Are machine word size (or smaller) writes serialized? Only one native opcode is needed to copy register content to RAM.
Two CPU's may issue the command at the same time, but doesn't the RAM controller have to process each command it receives individually? So, maybe to the CPU's it is simultaneous, but the RAM controller will determine whose command is processed first.
There is nothing that prevents you from doing this on a low level. RAM writes are atomic however, so memory controller will execute 2 seemingly simulateneous writes from cores sequentially.
They shouldn't because the resulting RAM content would be unspecified if different values were written.
Isn't that native opcode more likely to be writing to the on-CPU cache than directly to RAM?

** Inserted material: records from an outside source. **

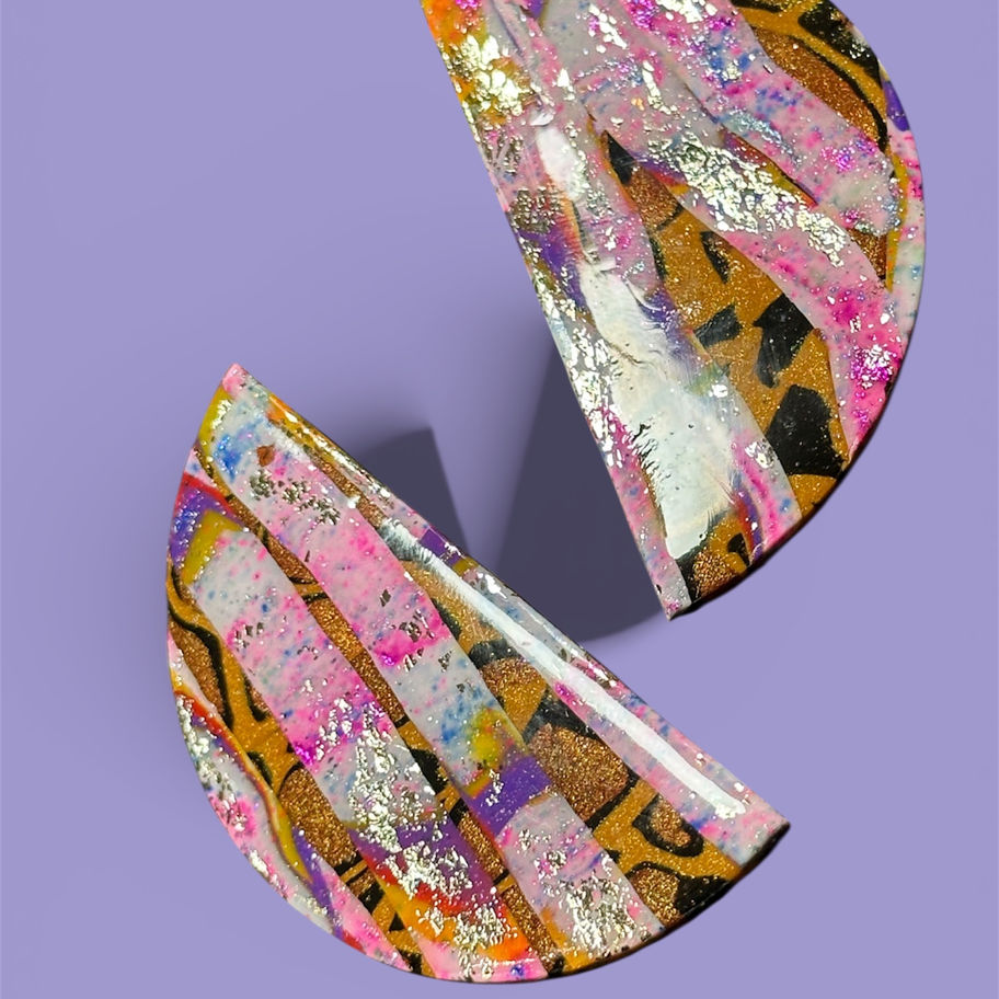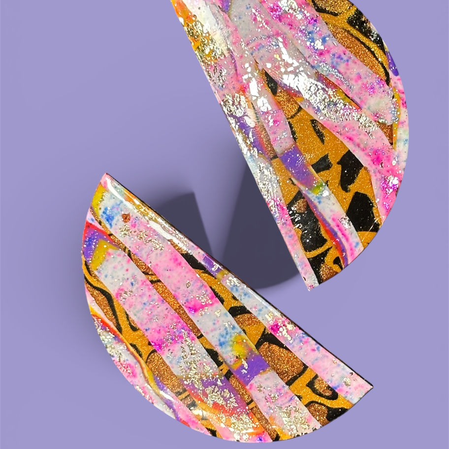 Urban Safari features sculpted half-moon silhouettes layered with metallic accents, soft washes of color, and an animal-print base that adds depth without overpowering.
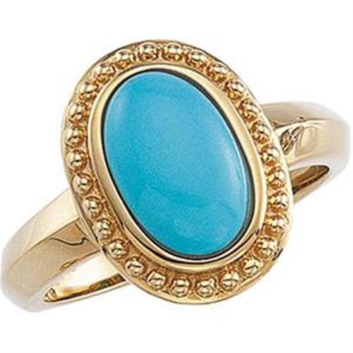14k Yellow Gold Ring featuring an Oval TURQUOISE. The Turquoise measures 11 x 7mm and = 4 CARATS! The Turquoise is surrounded by Antique style Gold beading. This ring is a size 6 and it can be resized either larger or smaller.
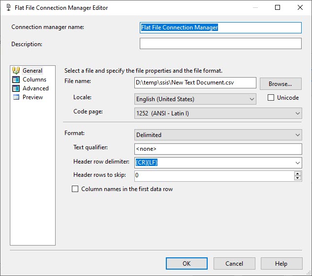 6- یک فایل csv در آدرس مورد نظر ایجاد کنید. آدرس فایل رو در کادر File قرار دهید. (اگر لازم بود که به صورت UTF-8 ذخیره کنید تا متون فارسی به درستی نمایش داده بشوند)
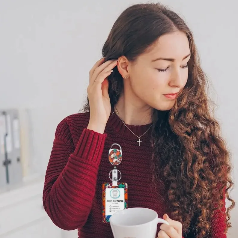- 1 afrolbare badgehouder met karabijnhaak en clip
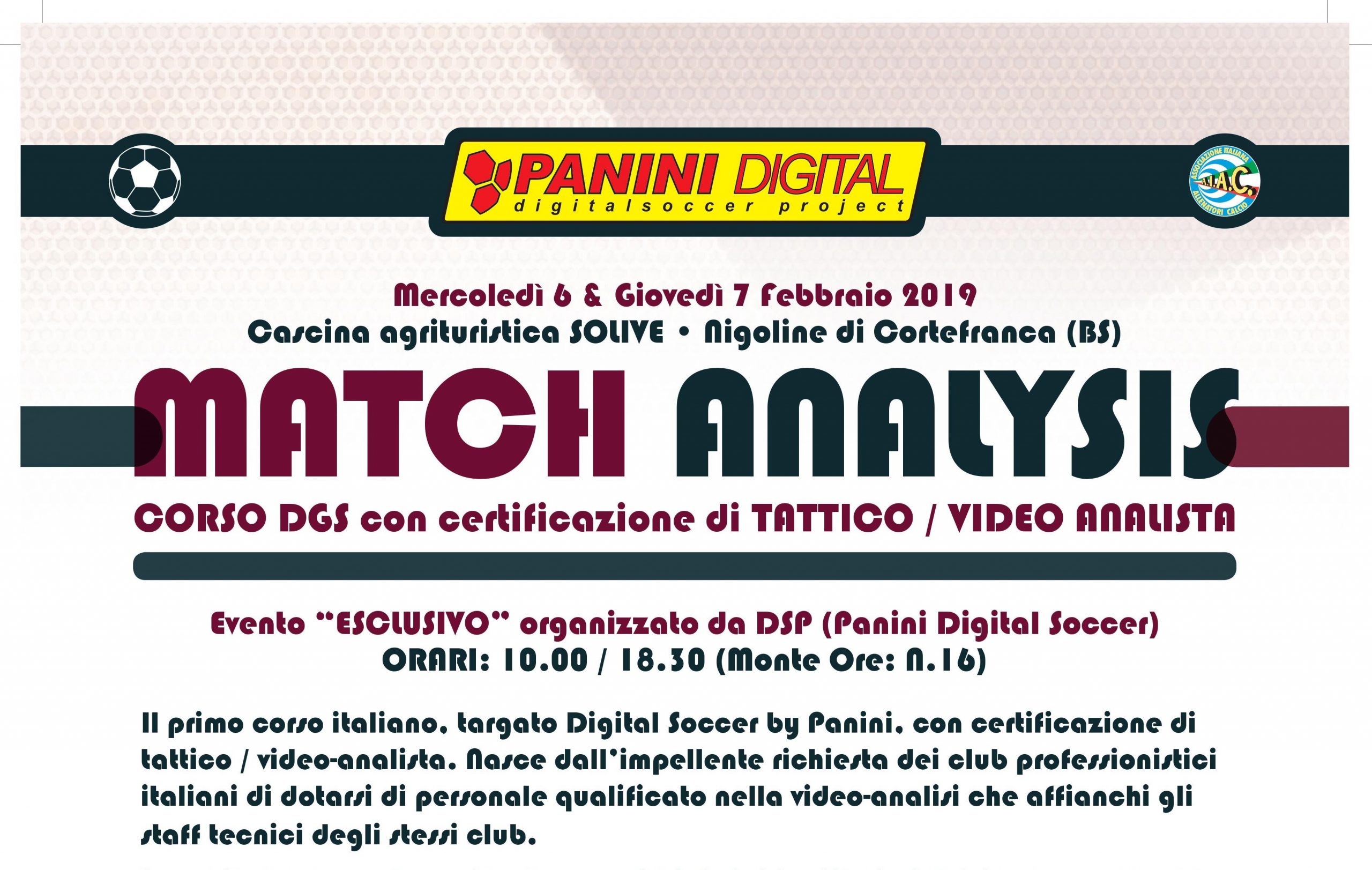Gli appuntamenti sono fissati per mercoledì 6 e giovedì 7 febbraio 2019 presso la Cascina agrituristica Solive di Nigoline di Cortefranca (BS). Al termine della partecipazione verrà attestata la partecipazione al corso con tanto di iscrizione al primo “Elenco Panini Digital” con certificazione di tattico/video analista della Panini Digital Soccer. Non solo, sarà anche possibile avere la licenza e l’installazione del sistema DigitaLog gratuita per 6 mesi e riconoscimento di uno sconto del 50% sull’acquisto finale del software.

They can try, but hardware will be the ultimate determinant of what happens.
Writing data to RAM is atomic. If two CPUs try to write to the same location at the same time, the memory controller will decide on some order for the writes. While one CPU is writing to memory, the other CPU will stall for as many cycles as necessary until the first write is completed; then it will overwrite its value. This is what's known as a race condition.
Writes that are smaller than the native word size are not atomic -- in that case, the CPU must read the old memory value into a register, write the new bytes into the register, and then write that new value back to memory.
You should never have code that depends on this -- if you have multiple CPUs that are trying to simultaneously write to the same memory location, you're doing something wrong.
Another important consideration is the cache coherency problem. Each CPU has its own cache. If a CPU writes data to its cache, the other CPUs need to be made aware of the change to that data value if they want to read it.